Le paradoxe du trou de mémoire [le Sténopé]


Mouvement initié des U.S.A. dans les années 80 [94],la photographie pauvre s'inscrit dans la mouvance de la post-modernité comme une esthétique intégrant tradition et novation par le jeu de la citation ou plus précisément d'une relecture en forme d'état des lieux de l'histoire du médium photographique. L'exploration raisonnée des techniques primitives de prises de vue par des photographes souvent dotés d'une culture scientifique de l'image s'inscrit également dans une critique implicite de l'atrophie de l'expérience que génère une technique actuelle de plus en plus sophistiquée. L'archétype étant l'aspect rudimentaire, voire la rusticité du sténopé à comparer avec le luxe ostentatoire des appareils photographique moderne.

La photographie est un rapport entre un individu (l'opérateur photographe) et une situation.
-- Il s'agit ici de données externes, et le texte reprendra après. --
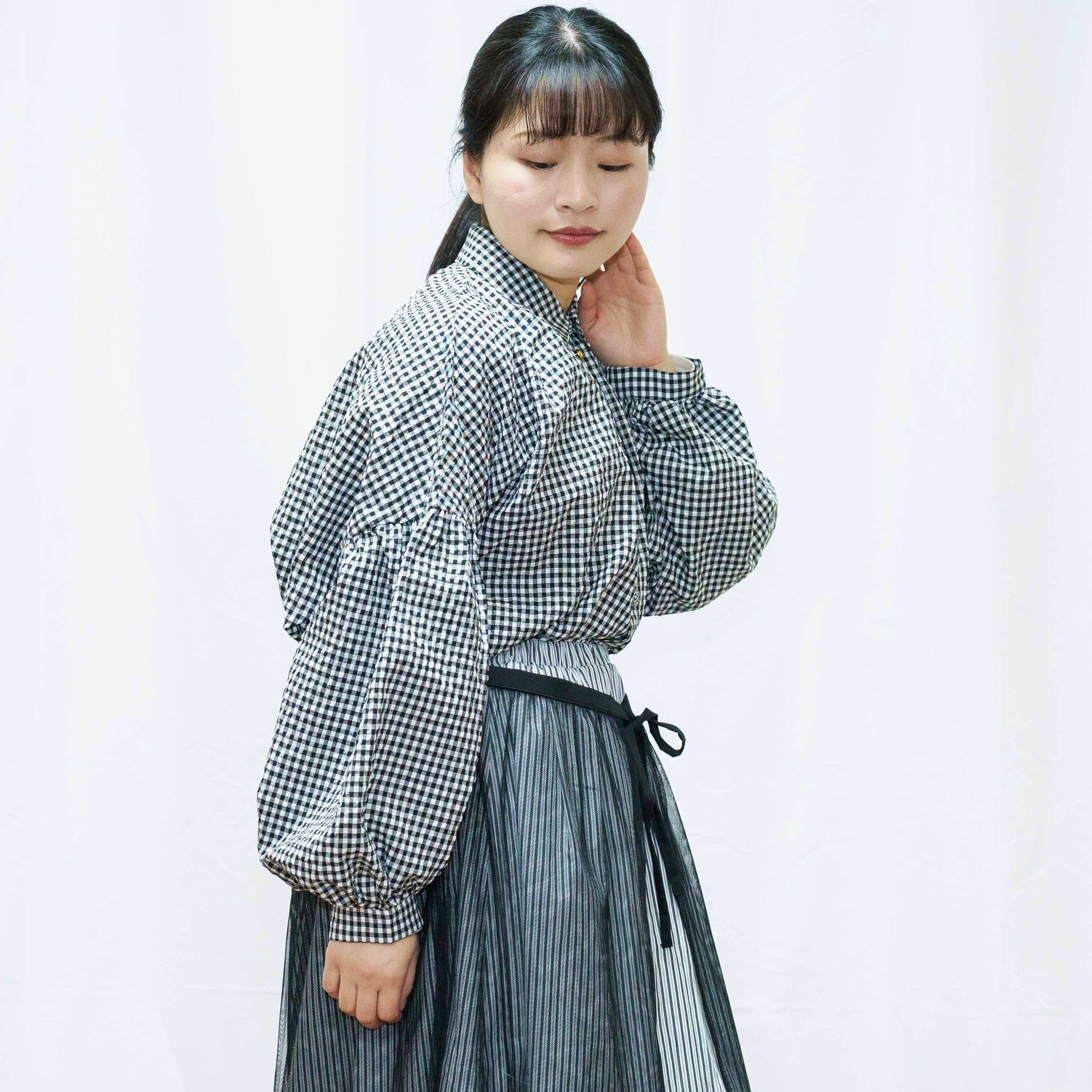 ふんわりギンガム生地のブラウスです。
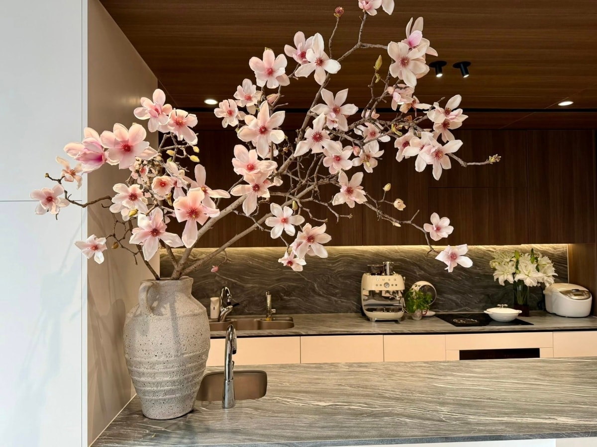 Chị Khánh My ở Hà Nội bắt đầu bén duyên với mộc lan từ tháng 10/2025 bởi ấn tượng với những cánh hoa dày mịn như sáp, ôm lấy nhau tạo vẻ đẹp trầm tĩnh, không phô trương. "Mộc lan đặt vào góc nào cũng đẹp, đặc biệt rất hợp với không gian bếp", chị My nói.

Il s'ensuit des questions de choix : choix du regard comme, ensuite, choix de la présentation, le résultat étant l'œuvre photographique.



[94] L'internationale de la photographie pauvre doit énormément à Eric Renner (1941- ) qui fonda en 1984 un centre de recherches et de ressources concernant le sténopé, The Pinhole Resource (Star Route 15, Box 1355, San Lorenzo NM 88041, U.S.A.), et en 1985, The Pinhole Journal, le bulletin de liaison du groupe.

Mais, l'utilisation d'un sténopé implique des données supplémentaires, des nouveaux choix, en amont de ce processus que nous venons de décrire : ceux de la détermination des paramètres physiques et optiques, puis de la construction des boîtiers par exemple, qui consiste à créer ou à convertir un objet ou un espace en sténopé selon un projet plastique déterminé. Sachant que ce sont les caractéristiques techniques des boîtiers qui déterminent avant toute chose et par substitution le regard de l'opérateur, il en découle que les contraintes techniques inhérentes à la photographie pauvre font partie intégrante du propos plastique et sont étudiées à ce titre par l'opérateur.

  • Difficultés de cadrage, l'intuition remplaçant la visée.
  • Temps de pose long, nécessitant de nombreux essais préliminaires.
  • Qualité médiocre du «piqué», les tirages sont flous.
  • Profondeur de champ infinie, possibilité de photographier de très près.
  • Absence totale de déformation perspective (image orthoscopique).

Bien que la formation de l'image prenne appui sur une réalité extérieure, l'acte de photographier avec un sténopé reconduit plus à lui-même qu'à cette réalité en la questionnant moins sur son aspect visible que sur sa visibilité. En définitive et ontologiquement, l'image répond avant tout aux critères de la machine qui la produit.